Records contained in a dataset
────────────────────────────────────────
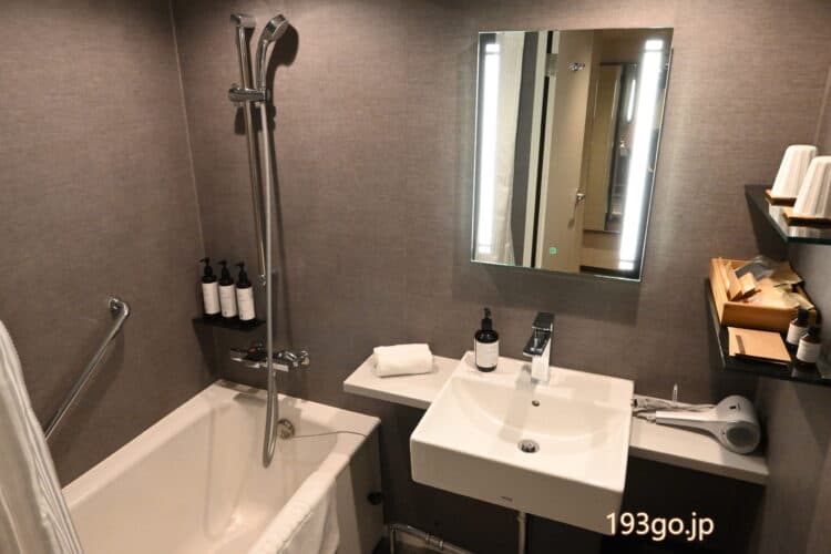 洗い場は無いけど、バストイレ別で、洗面所には、ライトに明るく照らされる女優ミラーが設置。
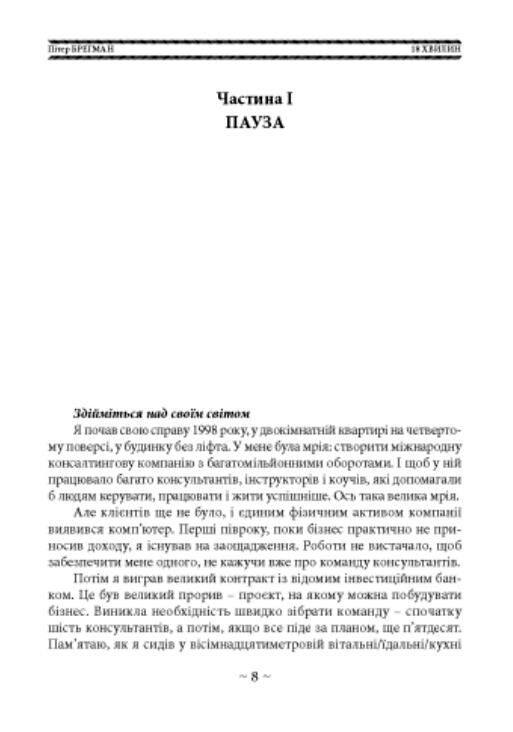 «18 хвилин» — це неймовірно розумний і нескінченно практичний посібник, який пояснює, як ухвалювати обґрунтовані й обмірковані рішення, що варто й чого не варто робити, як справлятися з відволікаючими факторами — іноді використовуючи їх, а іноді уникаючи, — як структурувати час, щоб домогтися максимальної ефективності, як зрозуміти, хто ви, і як краще використовувати ваші здібності, щоб досягти щастя, продуктивності й успіху, з його допомогою ви навчитеся складати план на кожен день, який гарантуватиме, що відтепер усі ваші найважливіші справи будуть зроблені.
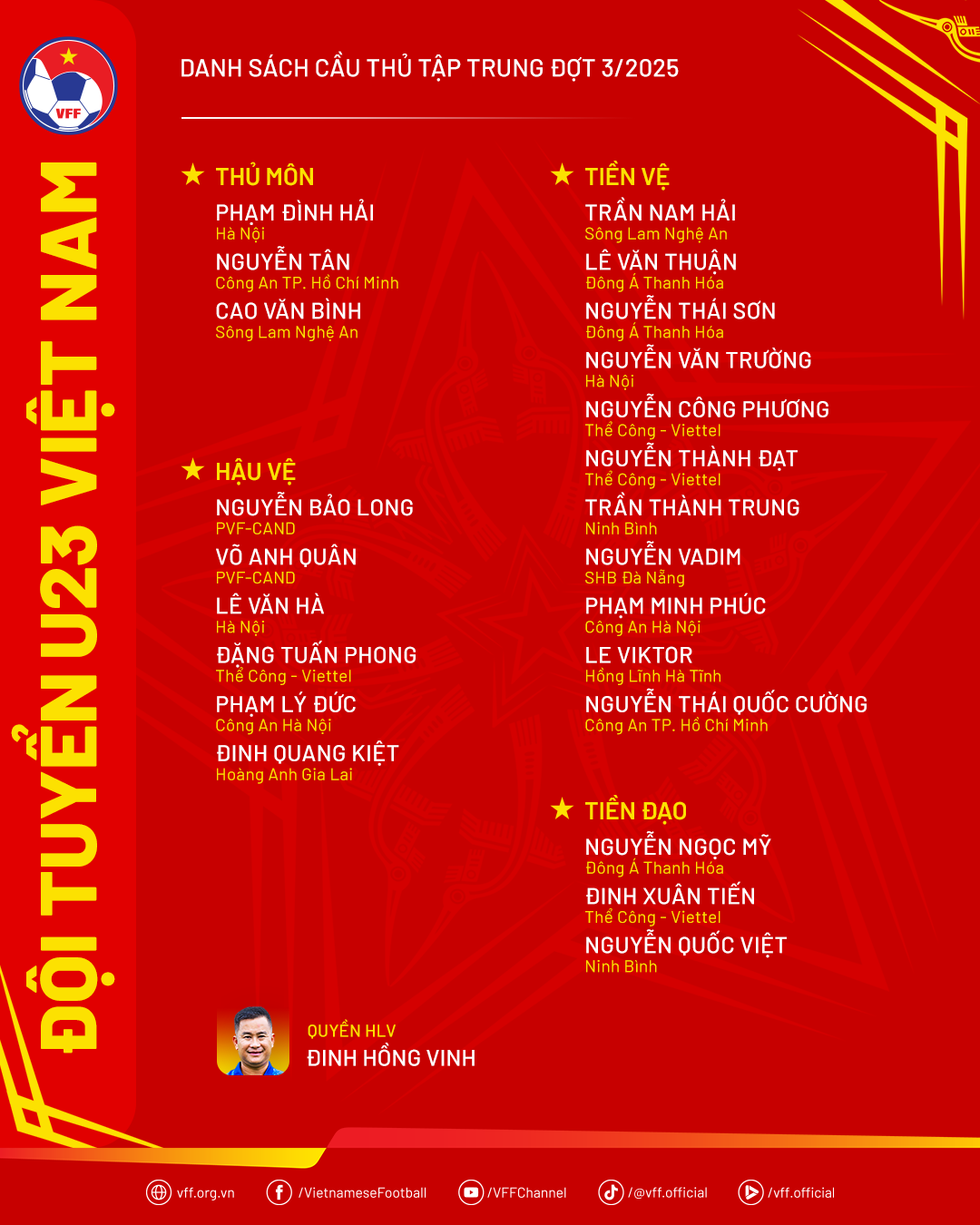 Ở đợt tập trung lần thứ ba trong năm 2025, ngoài những gương mặt quen thuộc như Phạm Lý Đức, Lê Văn Thuận, Nguyễn Văn Trường hay Nguyễn Ngọc Mỹ, đội còn chào đón sự xuất hiện của tân binh Việt kiều Nguyễn Vadim (SHB Đà Nẵng). Sinh năm 2005 tại Nga, Vadim có bố là người Việt, mẹ là người Nga, cao 1m75 và thi đấu linh hoạt ở cả vị trí tiền vệ cánh lẫn trung tâm.
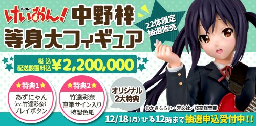 ■けいおん! 中野梓 等身大フィギュア 発売決定
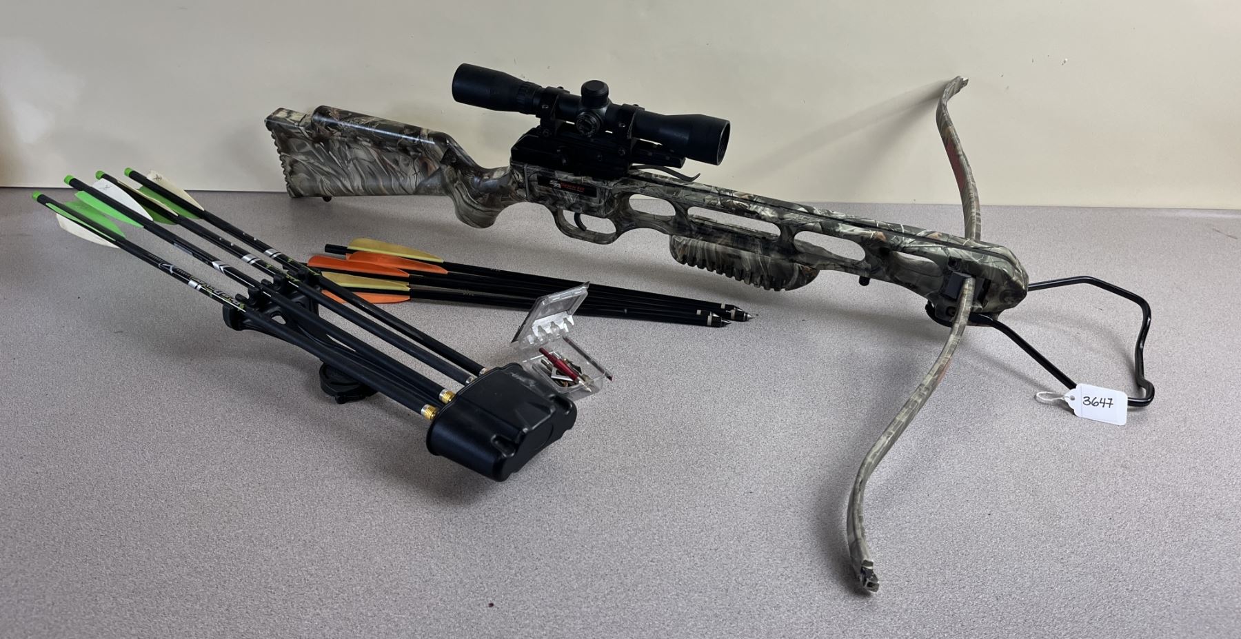 CONDITION: F OVERALL. MISSSING STRING. SPECS: NO DRAW WEIGHT LISTEN ON BOW. 27IN ACROSS LIMBS. EXTRAS: 4 X 32 SCOPE W/ RANGE FINDING RETICLE. CLEAR W/ CROSSHAIRS. QUIVER & 4X COMPLETE BOLTS. 4X TARGET BOLTS MISSING NOCKS. ASSORTED ARROW HEADS. S/N: NONE.
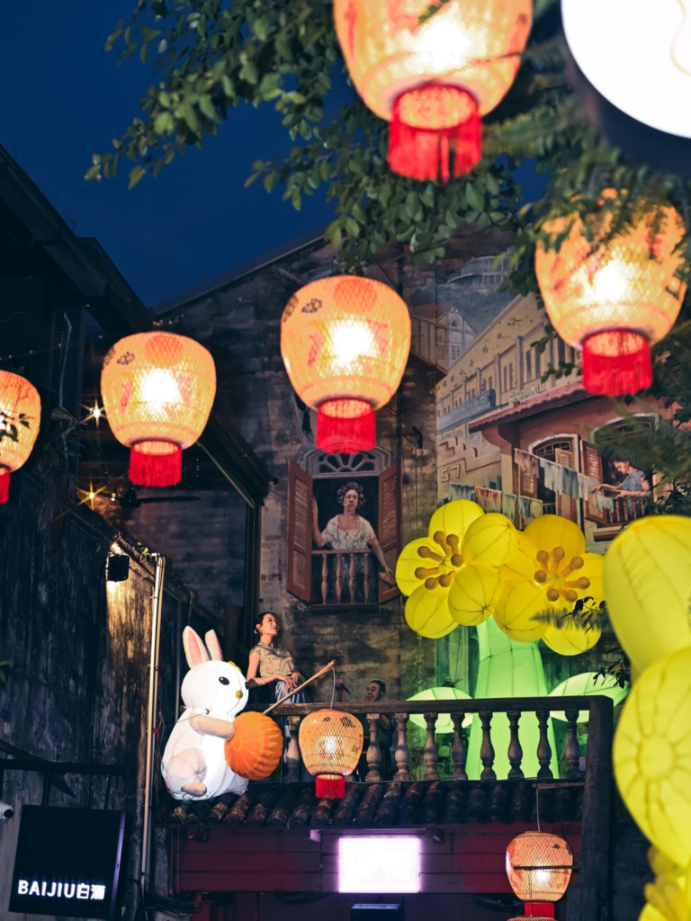 走进鬼仔巷,感觉像被拉回旧时光。窄窄的小巷、剥落的墙皮、泛黄的招牌,再加上鲜艳的壁画和红灯笼,一下把气氛拉到 60 年代的唐人街。白天光线柔的时候,色彩会显得特别干净,很适合拍伪胶片风的情侣照;晚上灯笼亮起,又多了一层微微发红的朦胧感,随手一拍都是故事感。
────────────────────────────────────────
• Work item
The records above must all be output exactly. Omit the images.

• Solved exercise
 洗い場は無いけど、バストイレ別で、洗面所には、ライトに明るく照らされる女優ミラーが設置。
 «18 хвилин» — це неймовірно розумний і нескінченно практичний посібник, який пояснює, як ухвалювати обґрунтовані й обмірковані рішення, що варто й чого не варто робити, як справлятися з відволікаючими факторами — іноді використовуючи їх, а іноді уникаючи, — як структурувати час, щоб домогтися максимальної ефективності, як зрозуміти, хто ви, і як краще використовувати ваші здібності, щоб досягти щастя, продуктивності й успіху, з його допомогою ви навчитеся складати план на кожен день, який гарантуватиме, що відтепер усі ваші найважливіші справи будуть зроблені.
 Ở đợt tập trung lần thứ ba trong năm 2025, ngoài những gương mặt quen thuộc như Phạm Lý Đức, Lê Văn Thuận, Nguyễn Văn Trường hay Nguyễn Ngọc Mỹ, đội còn chào đón sự xuất hiện của tân binh Việt kiều Nguyễn Vadim (SHB Đà Nẵng). Sinh năm 2005 tại Nga, Vadim có bố là người Việt, mẹ là người Nga, cao 1m75 và thi đấu linh hoạt ở cả vị trí tiền vệ cánh lẫn trung tâm.
 ■けいおん! 中野梓 等身大フィギュア 発売決定
 CONDITION: F OVERALL. MISSSING STRING. SPECS: NO DRAW WEIGHT LISTEN ON BOW. 27IN ACROSS LIMBS. EXTRAS: 4 X 32 SCOPE W/ RANGE FINDING RETICLE. CLEAR W/ CROSSHAIRS. QUIVER & 4X COMPLETE BOLTS. 4X TARGET BOLTS MISSING NOCKS. ASSORTED ARROW HEADS. S/N: NONE.
 走进鬼仔巷,感觉像被拉回旧时光。窄窄的小巷、剥落的墙皮、泛黄的招牌,再加上鲜艳的壁画和红灯笼,一下把气氛拉到 60 年代的唐人街。白天光线柔的时候,色彩会显得特别干净,很适合拍伪胶片风的情侣照;晚上灯笼亮起,又多了一层微微发红的朦胧感,随手一拍都是故事感。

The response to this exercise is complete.